Надежда - Шевченко Лариса Яковлевна
— Ты, видать, с пеленок умный был, — засмеялся Витя.
— Честное слово, помню, как пружина сжималась и растягивалась. Не мог я такое придумать, потому что, когда мне исполнилось два года, люльку отдали племяннице, а мне раскладушку купили. Я до сих пор на ней сплю, — загорячился Ваня.
— Видите эти туфли? — на носочках покрутилась перед нами Инна.
— И что? — не поняла Валя.
— Их папа привез моей старшей сестре из Германии. Они оказались ей малы. Все пальцы были в кровяных мозолях, но Аня терпела. Ведь это был подарок папы, которого она всю войну ждала! Я тоже буду их долго носить, — гордо сказала Инна.
— Около моей кровати висит ковер.

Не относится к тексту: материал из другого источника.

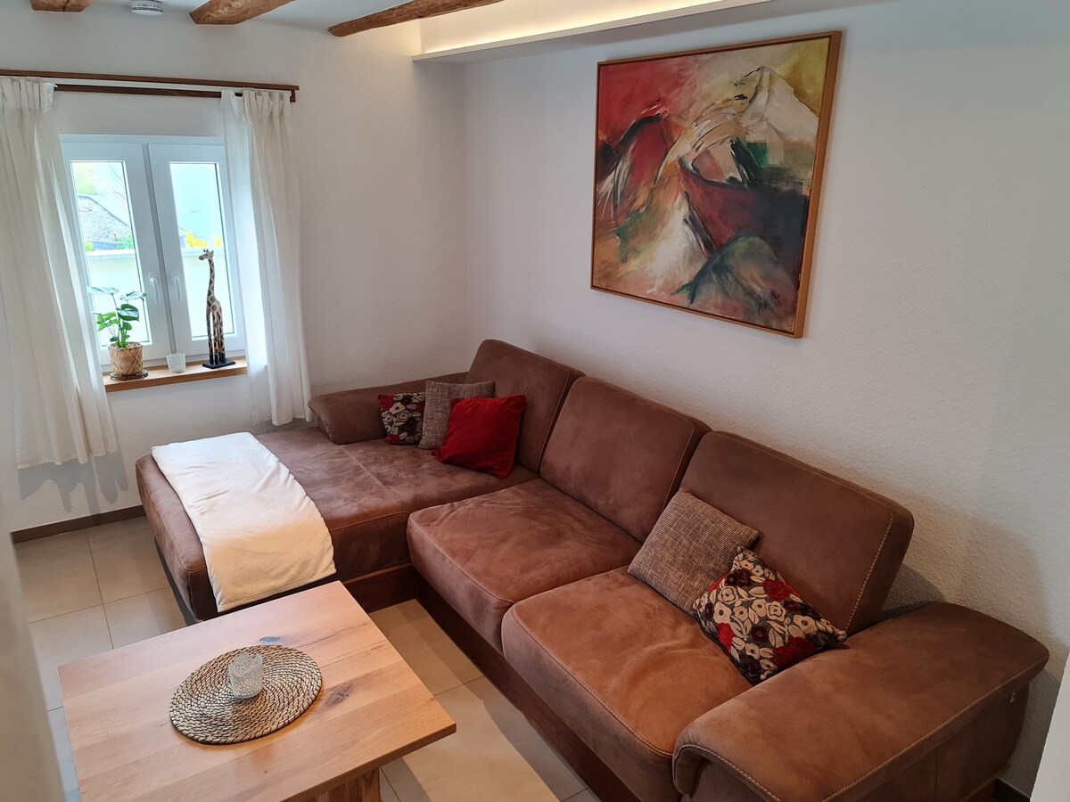 En el apartamento de 60 metros cuadrados con entrada privada encontrarás todo lo que necesitas para unas vacaciones. 1 cama doble + 1 sofá cama con capacidad para un máximo de 4 personas - Aparcamiento en frente de la casa En pocos minutos se puede llegar a pie al bosque, a la montaña Michelsberg, de 588 metros de altura, y se puede caminar en todas las direcciones. En coche se tarda una buena media hora en llegar a Nürburgring, al río Ahr, al lago Ruhrsee o a Phantasialand Brühl. Tiendas a 10 km de distancia. Se admiten perros previo acuerdo.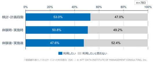 AIサービスの利用シーンを選択した回答者(n=783、「あてはまるものはない」と回答したn=259を除く)を対象に、重視する価値を満たすAIサービスに対する利用意向を調査した結果、「検討・計画段階」での利用意向が53.0%で最多となりました。AIサービスの設計においては、「体験時・実施時」の前の「検討・計画段階」に着目した付加価値の提供が重要であると考えられます(図表7)。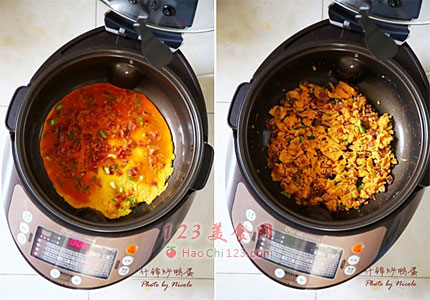 3、自动烹饪锅加入适量油,选择“炒”程序,预热后倒入蛋液。

На нем изображены медведи в сосновом лесу. Маленькой я их очень боялась. Мне казалось, что ночью медведи спускаются с деревьев прямо в мою постель, — созналась Света.

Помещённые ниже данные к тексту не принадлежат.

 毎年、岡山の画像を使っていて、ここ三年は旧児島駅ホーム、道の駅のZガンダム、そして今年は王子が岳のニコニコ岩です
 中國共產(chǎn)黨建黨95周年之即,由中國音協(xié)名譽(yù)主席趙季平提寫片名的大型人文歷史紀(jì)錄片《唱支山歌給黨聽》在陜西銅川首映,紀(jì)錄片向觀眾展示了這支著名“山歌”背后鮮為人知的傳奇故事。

— А мне запомнилось, как к нам по вечерам приходили женщины и очень красиво пели. Я любил залезать в мамин деревянный сундучок с железными уголками и, сидя в нем, петь песни. Патефон изображал. Особенно с удовольствием пел о рябине, которая мечтала перебраться к дубу. А теперь, глядя на этот сундучок, удивляюсь, каким же я был маленьким, что мог помещаться в нем?
Мы хохотали, представляя Колю, выглядывающим из сундучка.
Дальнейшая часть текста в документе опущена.